> _Provided information_
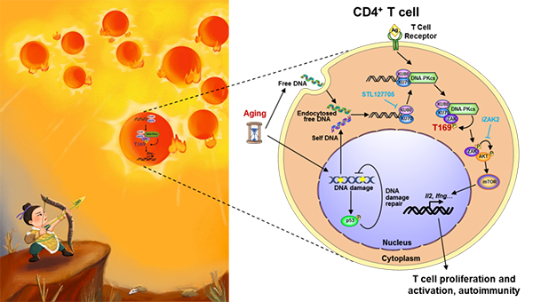 综上所述,该研究揭示了衰老CD4+ T细胞中不依赖于cGAS/STING的DNA感知信号通路,其可促进T细胞的活化和增殖并导致衰老相关自身免疫病的发生发展。进一步研究和开发阻断T细胞中DNA感知信号传导的抑制剂可能有利于临床治疗衰老相关的自身免疫性疾病。
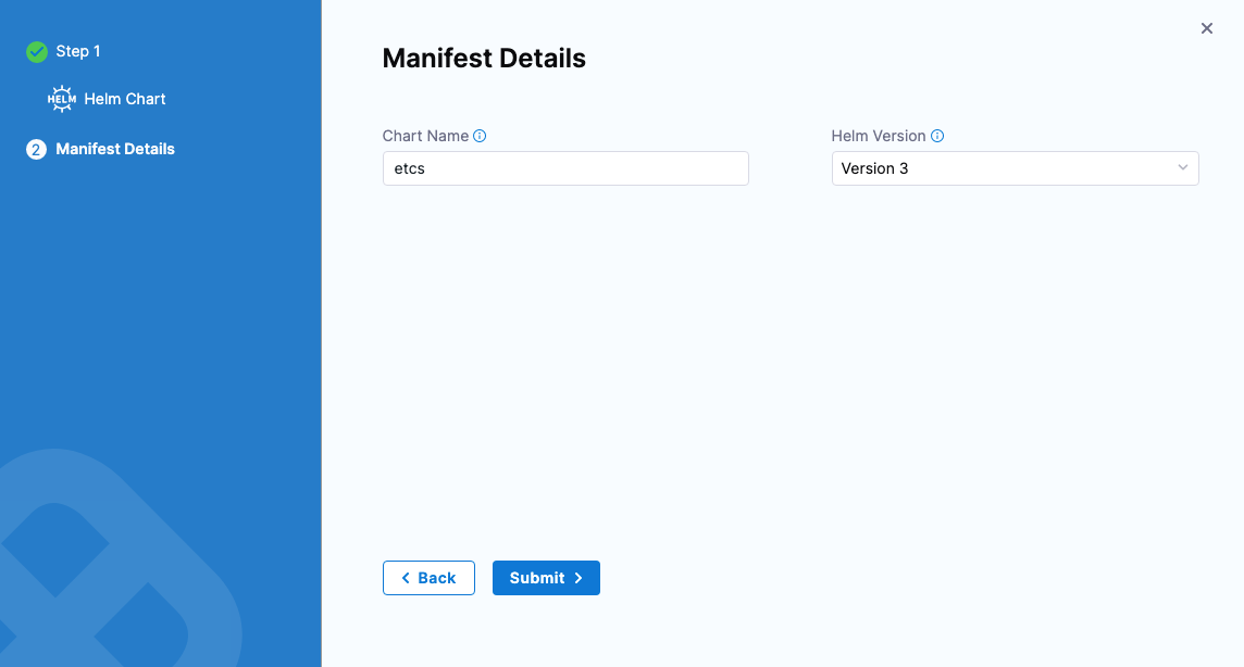 4. In Manifest Details, enter the name of the Helm chart to listen on in Chart Name. For example, nginx or etcd.
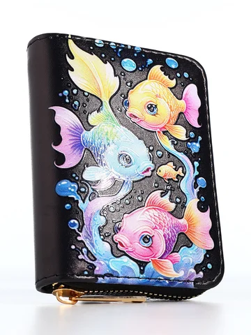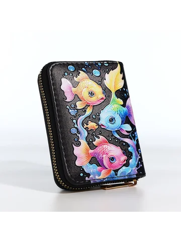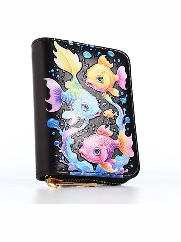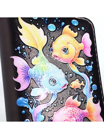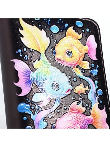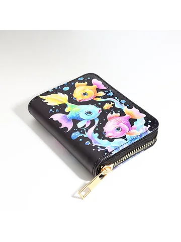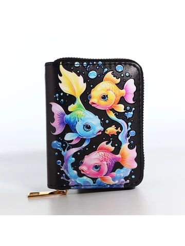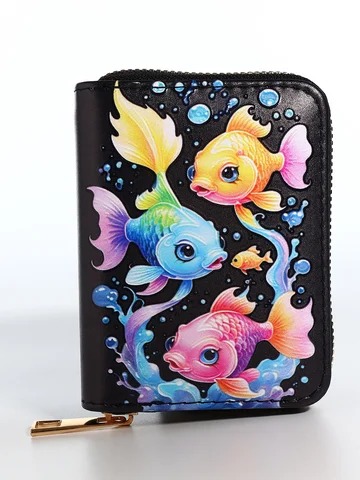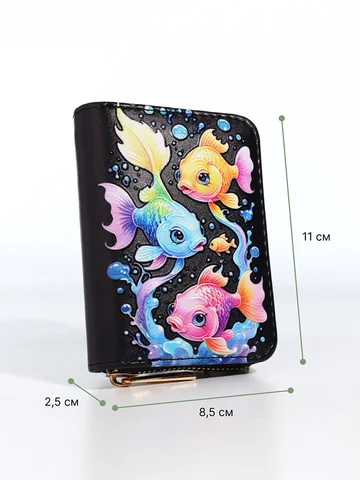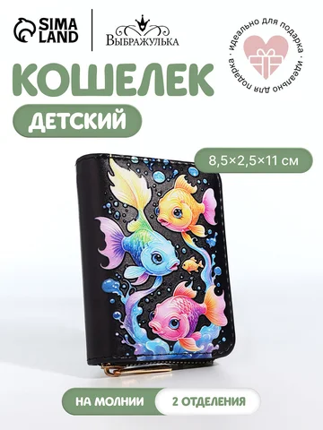 Кошелек на молнии «Рыбы», черный. Этот черный кошелек с загадочным морским миром станет элегантным спутником вашей дочки в ее первых финансовых открытиях. Глубокий оттенок и таинственные обитатели океана создают стильный образ, а практичная организация внутреннего пространства помогает содержать карманные деньги в идеальном порядке. Компактный размер удобно ложится в детскую руку, становясь первым шагом к самостоятельности. Почему этот кошелек так нравится девочкам
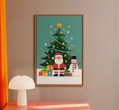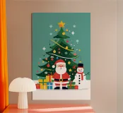 Albero di Natale con Babbo Natale e pupazzo di neve alluminio dibond
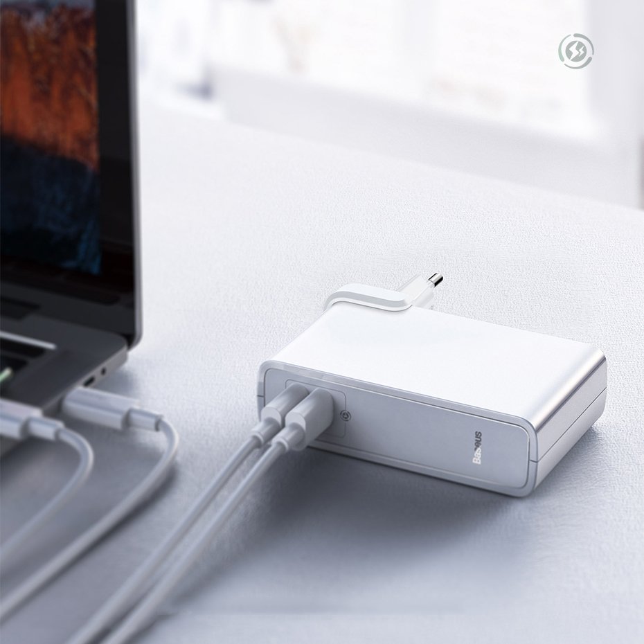 Baseus GaN Charger 45W Power Bank (PPNLD-F02) - външна батерия 10000 mAh и захранване за ел. мрежа с 2 x USB-C изходи и GaN технология (бял)
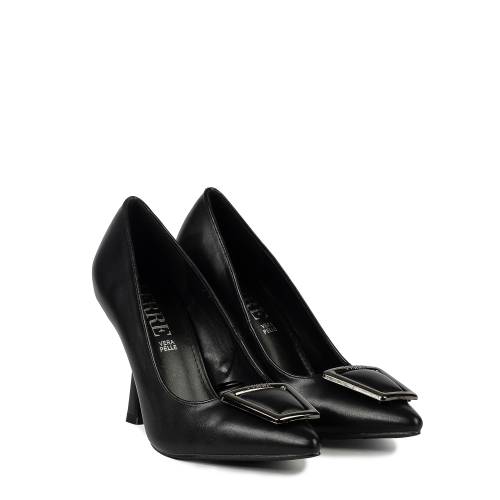 Γόβα μυτερή με λεπτό τακούνι και chic αγκράφα στο μπροστά μέρος, σε μαύρο χρώμα
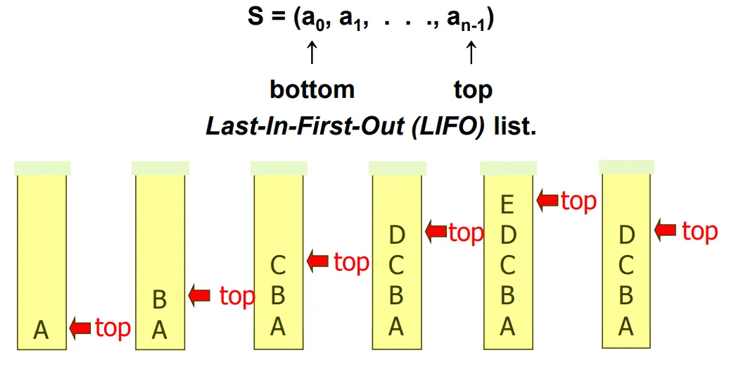 栈是一个有序列表,其中插入和删除在称为顶部的一端进行。
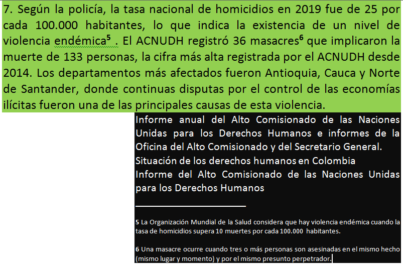 Colombia: Situación de los derechos humanos en Colombia Informe del Alto Comisionado de las Naciones Unidas para los Derechos Humanos
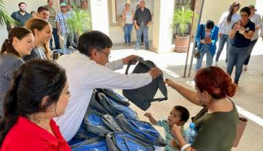 Destacado A través del Gobierno Municipal Fundación Costa Palmas realizó el donativo de 350 mochilas para estudiantes de Miraflores, Santiago y La Ribera.
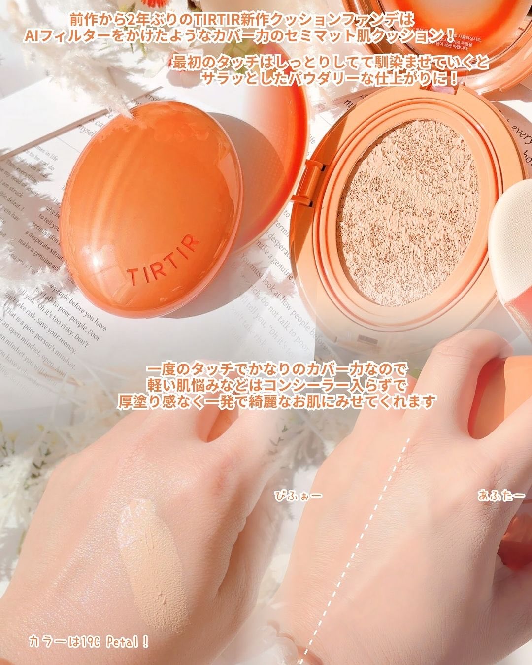 ---------TIRTIRMASKFITAIFILTERCUSHION19CPETAL21CCOOLIVORYAIフィルターをかけたようなパウダリーな仕上がりで、セミマット肌が叶うクッションファンデーション!付け心地はしっとりした水分感があるのに、仕上がりはさらっとパウダーいらずに仕上がる「ギャップテクスチャー」カバー力が高く、ファンデーション・コンシーラー・パウダーの3in1クッションファンデコンパクトがコロンと可愛い、オレンジが映えるデザイン!19Cは私にはちょっと明るい?!と思いましたが、少しずつぽんぽんと押し当ててから、顔全体に広げていくと、かなり違和感なく色が馴染みました!21Cは私の肌色ドンピシャで、肌にのせたらかなり自然な仕上がりになりました。何度もカバーしたいところに厚塗りすると、逆に違和感が生じてしまうので、軽く押し当ててから、馴染ませるのがコツです!蓋裏に量を調整するブレンダーパレットも付いています。コンシーラーやパウダー要らずなので、朝忙しいときにさっとクッション塗りできるのが嬉しい、さすがTIRTIR!!!#PR#TIRTIR#MASKFITAIFILTERCUSHION#AIフィルター肌
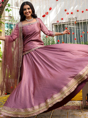 Lilac Short Kurti Lehenga Set
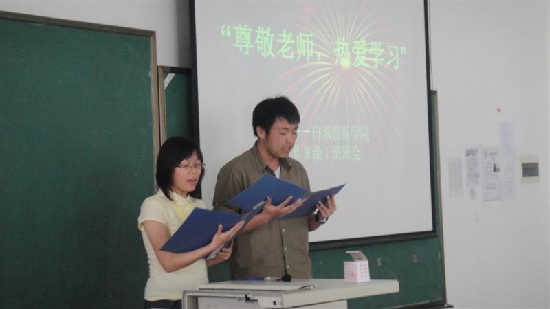 4月15日下午,白求恩医欧洲杯09级白求恩医学班在新民校区2404教室召开“尊师重道,热爱学习”主题班会。班级联系教师、白求恩医欧洲杯党委书记屈英和教授参加了班会。
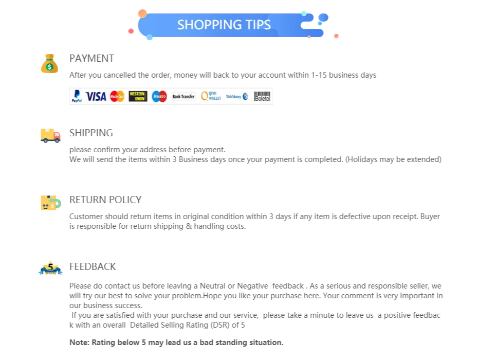 Customer service is an integral part of our business, please give us 5 star positive feedback if you are satisfied with our products and service. Thanks!
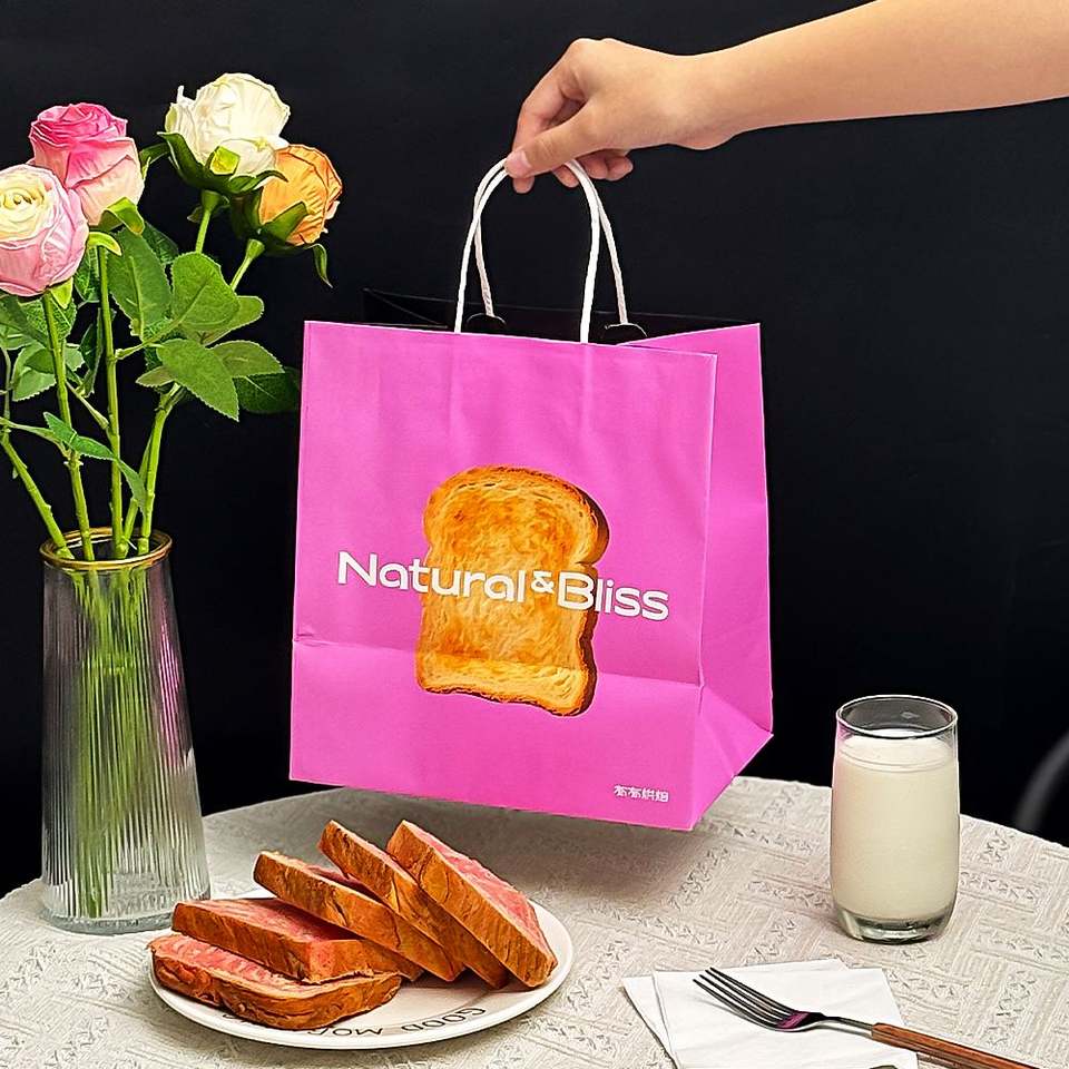 Sacs en papier écologiques imprimés avec logo personnalisé, design gratuit, adaptés aux plats à emporter de boulangerie, à la livraison de nourriture et à l'emballage de produits de boulangerie
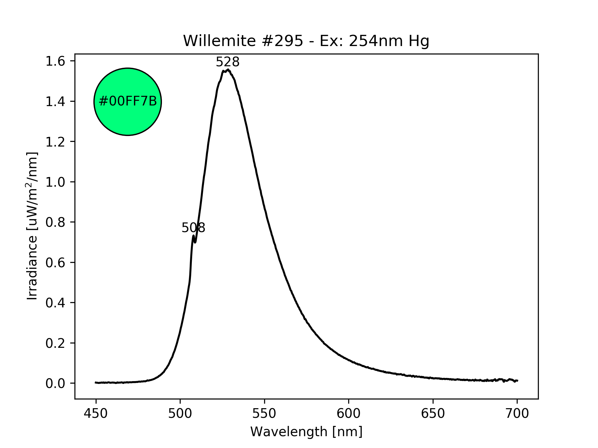 | Willemite (#295) | Franklin Mine, New Jersey, USA | 254nm Hg | Mn2+ | |
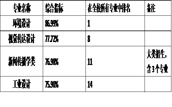 环境设计专业以86.99%位列全校所有专业的第1名;视觉传达设计以77.72%,位列全校第8名;新闻传播类以76.98%,列全校第11名;工业设计以75.90%,列全校第14名。21点技巧
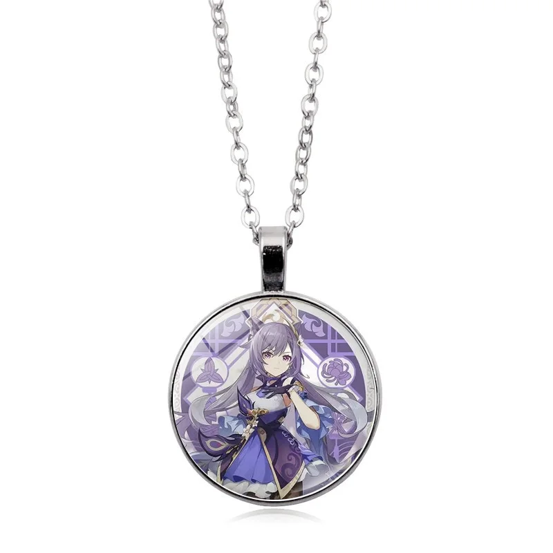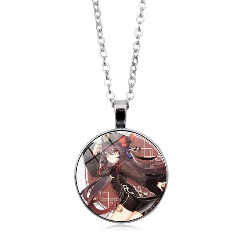 Ожерелье с аниме-фигуркой Genshin Impact, Zhongli, бальчик, Venti, Klee, Keqing, Qiqi, стеклянный кабошон, подвеска, чокер, винтажное ожерелье с цепочкой
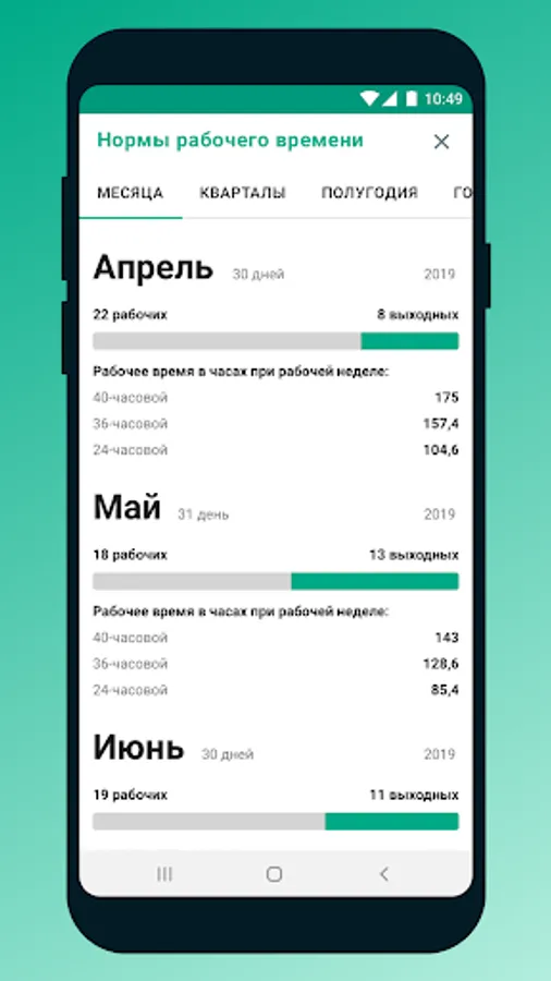 Exact data on workers, days off and reduced days, number of working weeks and norms of working time per month, quarter, half year and year with 24, 36 and 40-hour working week according to the norms of the Labor Code and resolutions of the Government of the Russian Federation.

> _Instructions for the task_
Retype each line of the records exactly as it reads; no pictures belong in the copy.

> _Answer section_
 综上所述,该研究揭示了衰老CD4+ T细胞中不依赖于cGAS/STING的DNA感知信号通路,其可促进T细胞的活化和增殖并导致衰老相关自身免疫病的发生发展。进一步研究和开发阻断T细胞中DNA感知信号传导的抑制剂可能有利于临床治疗衰老相关的自身免疫性疾病。
 4. In Manifest Details, enter the name of the Helm chart to listen on in Chart Name. For example, nginx or etcd.
 Кошелек на молнии «Рыбы», черный. Этот черный кошелек с загадочным морским миром станет элегантным спутником вашей дочки в ее первых финансовых открытиях. Глубокий оттенок и таинственные обитатели океана создают стильный образ, а практичная организация внутреннего пространства помогает содержать карманные деньги в идеальном порядке. Компактный размер удобно ложится в детскую руку, становясь первым шагом к самостоятельности. Почему этот кошелек так нравится девочкам
 Albero di Natale con Babbo Natale e pupazzo di neve alluminio dibond
 Baseus GaN Charger 45W Power Bank (PPNLD-F02) - външна батерия 10000 mAh и захранване за ел. мрежа с 2 x USB-C изходи и GaN технология (бял)
 Γόβα μυτερή με λεπτό τακούνι και chic αγκράφα στο μπροστά μέρος, σε μαύρο χρώμα
 栈是一个有序列表,其中插入和删除在称为顶部的一端进行。
 Colombia: Situación de los derechos humanos en Colombia Informe del Alto Comisionado de las Naciones Unidas para los Derechos Humanos
 Destacado A través del Gobierno Municipal Fundación Costa Palmas realizó el donativo de 350 mochilas para estudiantes de Miraflores, Santiago y La Ribera.
 ---------TIRTIRMASKFITAIFILTERCUSHION19CPETAL21CCOOLIVORYAIフィルターをかけたようなパウダリーな仕上がりで、セミマット肌が叶うクッションファンデーション!付け心地はしっとりした水分感があるのに、仕上がりはさらっとパウダーいらずに仕上がる「ギャップテクスチャー」カバー力が高く、ファンデーション・コンシーラー・パウダーの3in1クッションファンデコンパクトがコロンと可愛い、オレンジが映えるデザイン!19Cは私にはちょっと明るい?!と思いましたが、少しずつぽんぽんと押し当ててから、顔全体に広げていくと、かなり違和感なく色が馴染みました!21Cは私の肌色ドンピシャで、肌にのせたらかなり自然な仕上がりになりました。何度もカバーしたいところに厚塗りすると、逆に違和感が生じてしまうので、軽く押し当ててから、馴染ませるのがコツです!蓋裏に量を調整するブレンダーパレットも付いています。コンシーラーやパウダー要らずなので、朝忙しいときにさっとクッション塗りできるのが嬉しい、さすがTIRTIR!!!#PR#TIRTIR#MASKFITAIFILTERCUSHION#AIフィルター肌
 Lilac Short Kurti Lehenga Set
 4月15日下午,白求恩医欧洲杯09级白求恩医学班在新民校区2404教室召开“尊师重道,热爱学习”主题班会。班级联系教师、白求恩医欧洲杯党委书记屈英和教授参加了班会。
 Customer service is an integral part of our business, please give us 5 star positive feedback if you are satisfied with our products and service. Thanks!
 Sacs en papier écologiques imprimés avec logo personnalisé, design gratuit, adaptés aux plats à emporter de boulangerie, à la livraison de nourriture et à l'emballage de produits de boulangerie
 | Willemite (#295) | Franklin Mine, New Jersey, USA | 254nm Hg | Mn2+ | |
 环境设计专业以86.99%位列全校所有专业的第1名;视觉传达设计以77.72%,位列全校第8名;新闻传播类以76.98%,列全校第11名;工业设计以75.90%,列全校第14名。21点技巧
 Ожерелье с аниме-фигуркой Genshin Impact, Zhongli, бальчик, Venti, Klee, Keqing, Qiqi, стеклянный кабошон, подвеска, чокер, винтажное ожерелье с цепочкой
 Exact data on workers, days off and reduced days, number of working weeks and norms of working time per month, quarter, half year and year with 24, 36 and 40-hour working week according to the norms of the Labor Code and resolutions of the Government of the Russian Federation.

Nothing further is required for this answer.